We derived these results using the comparison region immediately outside our search aperture that we called Annulus I in Section 3.2.2. As we discussed in that section, this may yield a very slight overestimation of the background, according to our tests in simulations. To quantify the potential size of this residual systematic error, we also compute our results using Annulus II (which simulations suggest is likely to yield a very slight underestimate of the background). We take the difference between these two results to be an estimate for the maximum remaining systematic error in our primary results; we report this in the final column of Table 1.

The isotropic background correction yields counts of MC-like dwarf galaxies correlated with the host within a cylinder around the host with radius Rsat and effective half-length of roughly the correlation length of unbiased mass tracers. For Ncor = 0, 1, and 2, we find probabilities (64.6 ± 1.5)%, (22.8 ± 1.8)%, and (9.7 ± 1.5)%, respectively. These numbers have also had the systematic correction for photo-z loss applied; the measured numbers and the corrections are tabulated in Table 2 and plotted in the right-hand panel of Figure 7 (thick orange curve and open data points), along with the composite and background PDFs. As discussed in Section 3.2.1, this result is the most directly comparable to satellite counts measured in redshift space, if interlopers have not been accounted for, so we present it here for comparison to our results in Section 2.4.

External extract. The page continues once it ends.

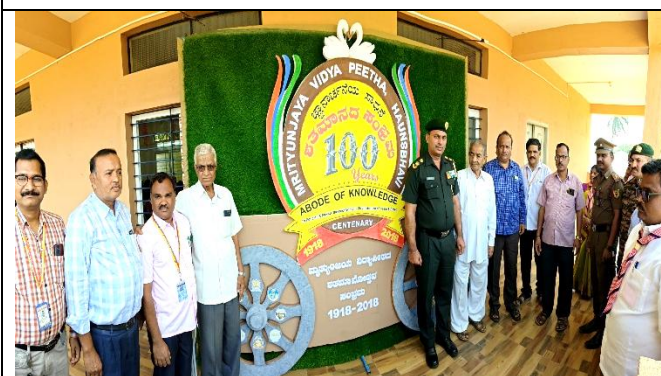
Launch of the Centenary Logo

In Section 4.2.2, we developed a further systematic correction to allow us to remove the effects of correlated line-of-sight structures from this result. We compute this correction for the results of the isotropic background subtraction, and we give the results in the final column of Table 2. We also plot the corrected probabilities in the right panel of Figure 7 (solid orange points) and compare to the results of our annular background correction (green points). The good agreement between these two approaches gives us confidence that our methods are robust. We note that a similar systematic boost correction could also be usefully applied to any future spectroscopic satellite searches to account for correlated interlopers.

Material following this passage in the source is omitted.